AIM OF THE TASK
Line by line, copy the records below exactly and leave the pictures out.

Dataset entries
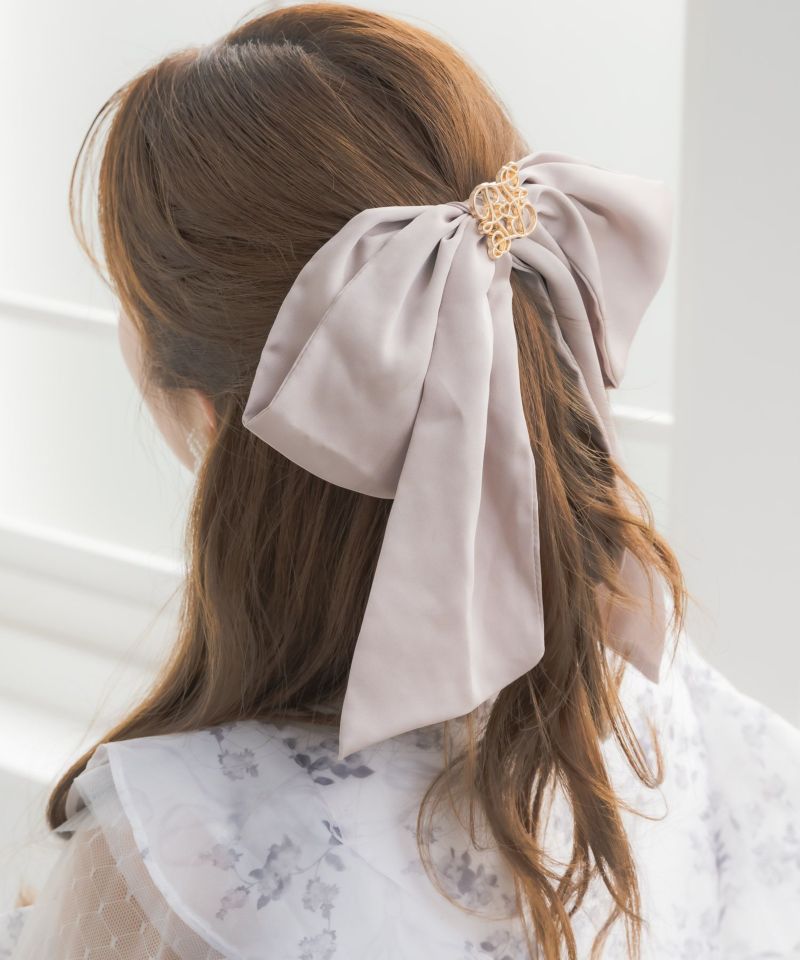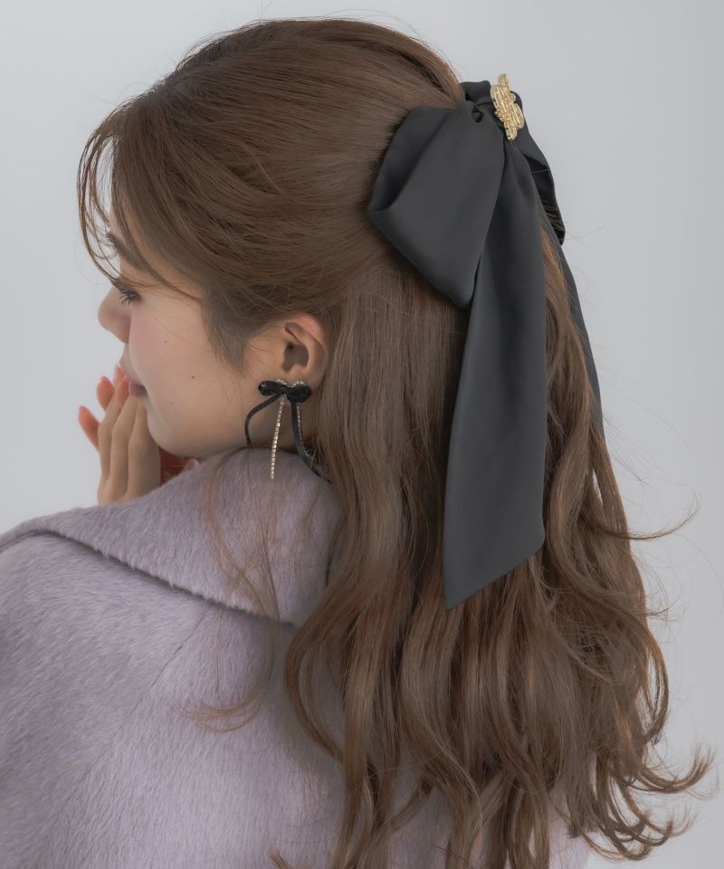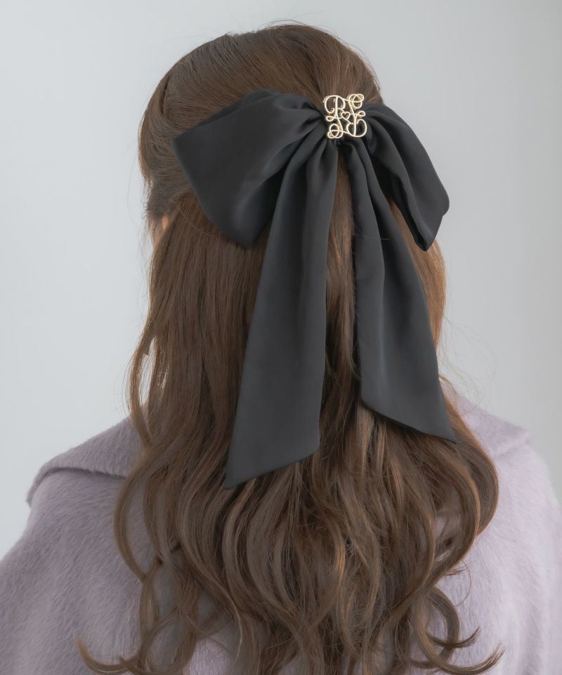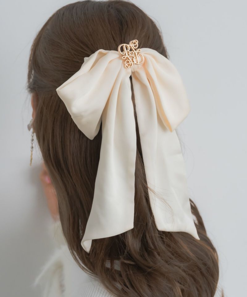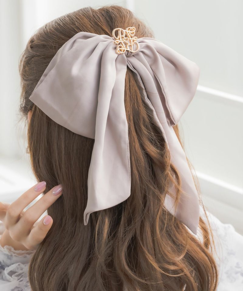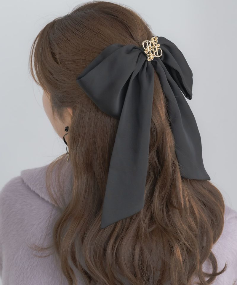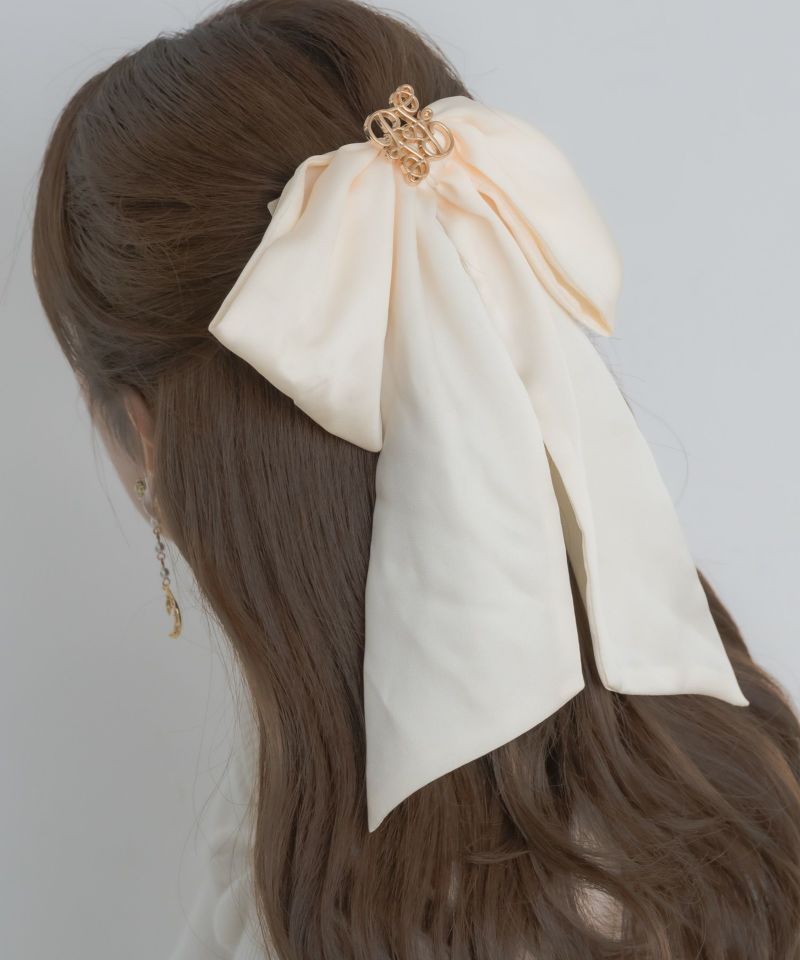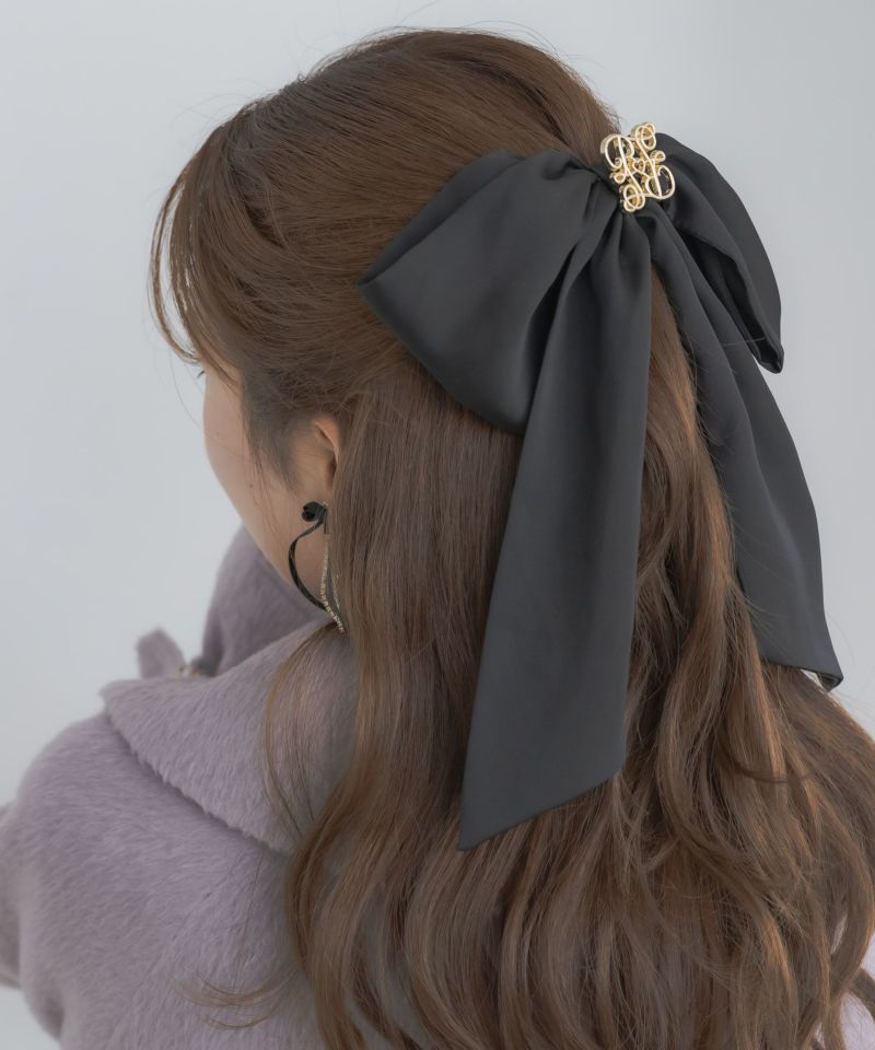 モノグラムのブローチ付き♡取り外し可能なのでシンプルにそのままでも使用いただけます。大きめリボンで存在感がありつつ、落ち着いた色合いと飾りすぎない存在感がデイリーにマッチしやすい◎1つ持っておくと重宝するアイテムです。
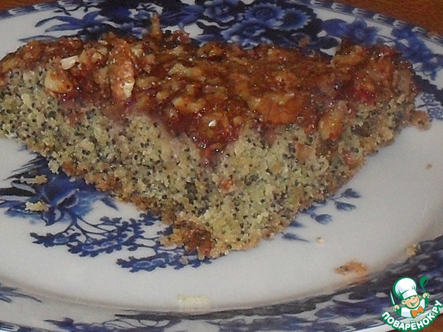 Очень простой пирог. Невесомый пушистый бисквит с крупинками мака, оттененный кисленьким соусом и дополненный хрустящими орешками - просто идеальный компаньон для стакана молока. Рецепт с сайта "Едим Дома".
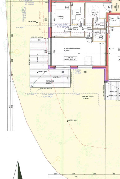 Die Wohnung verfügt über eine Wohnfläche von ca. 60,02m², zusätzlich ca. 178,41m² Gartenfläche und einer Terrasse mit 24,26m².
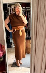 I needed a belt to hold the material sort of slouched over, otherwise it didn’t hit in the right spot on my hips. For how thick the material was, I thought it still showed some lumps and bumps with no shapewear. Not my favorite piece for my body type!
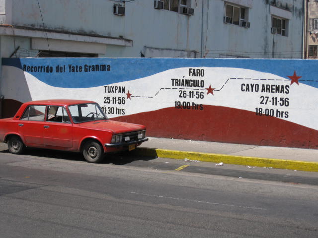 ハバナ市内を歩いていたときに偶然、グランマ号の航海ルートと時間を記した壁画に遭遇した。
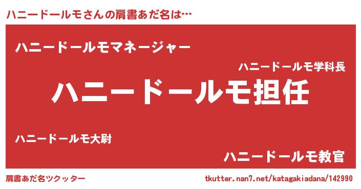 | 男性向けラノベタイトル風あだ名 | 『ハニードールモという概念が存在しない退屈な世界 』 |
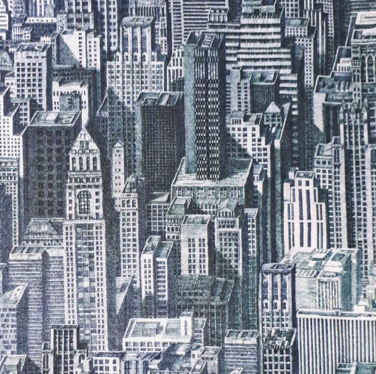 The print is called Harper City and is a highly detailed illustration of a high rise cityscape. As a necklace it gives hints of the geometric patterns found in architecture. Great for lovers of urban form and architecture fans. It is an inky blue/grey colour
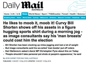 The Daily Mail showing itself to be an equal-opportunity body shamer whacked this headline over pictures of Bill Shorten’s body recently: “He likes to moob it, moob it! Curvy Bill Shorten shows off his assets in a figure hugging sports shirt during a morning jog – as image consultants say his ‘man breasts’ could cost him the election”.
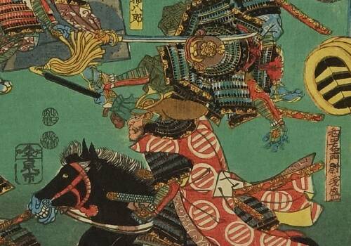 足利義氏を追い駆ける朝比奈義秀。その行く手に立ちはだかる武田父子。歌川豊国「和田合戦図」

WRITTEN ANSWER
 モノグラムのブローチ付き♡取り外し可能なのでシンプルにそのままでも使用いただけます。大きめリボンで存在感がありつつ、落ち着いた色合いと飾りすぎない存在感がデイリーにマッチしやすい◎1つ持っておくと重宝するアイテムです。
 Очень простой пирог. Невесомый пушистый бисквит с крупинками мака, оттененный кисленьким соусом и дополненный хрустящими орешками - просто идеальный компаньон для стакана молока. Рецепт с сайта "Едим Дома".
 Die Wohnung verfügt über eine Wohnfläche von ca. 60,02m², zusätzlich ca. 178,41m² Gartenfläche und einer Terrasse mit 24,26m².
 I needed a belt to hold the material sort of slouched over, otherwise it didn’t hit in the right spot on my hips. For how thick the material was, I thought it still showed some lumps and bumps with no shapewear. Not my favorite piece for my body type!
 ハバナ市内を歩いていたときに偶然、グランマ号の航海ルートと時間を記した壁画に遭遇した。
 | 男性向けラノベタイトル風あだ名 | 『ハニードールモという概念が存在しない退屈な世界 』 |
 The print is called Harper City and is a highly detailed illustration of a high rise cityscape. As a necklace it gives hints of the geometric patterns found in architecture. Great for lovers of urban form and architecture fans. It is an inky blue/grey colour
 The Daily Mail showing itself to be an equal-opportunity body shamer whacked this headline over pictures of Bill Shorten’s body recently: “He likes to moob it, moob it! Curvy Bill Shorten shows off his assets in a figure hugging sports shirt during a morning jog – as image consultants say his ‘man breasts’ could cost him the election”.
 足利義氏を追い駆ける朝比奈義秀。その行く手に立ちはだかる武田父子。歌川豊国「和田合戦図」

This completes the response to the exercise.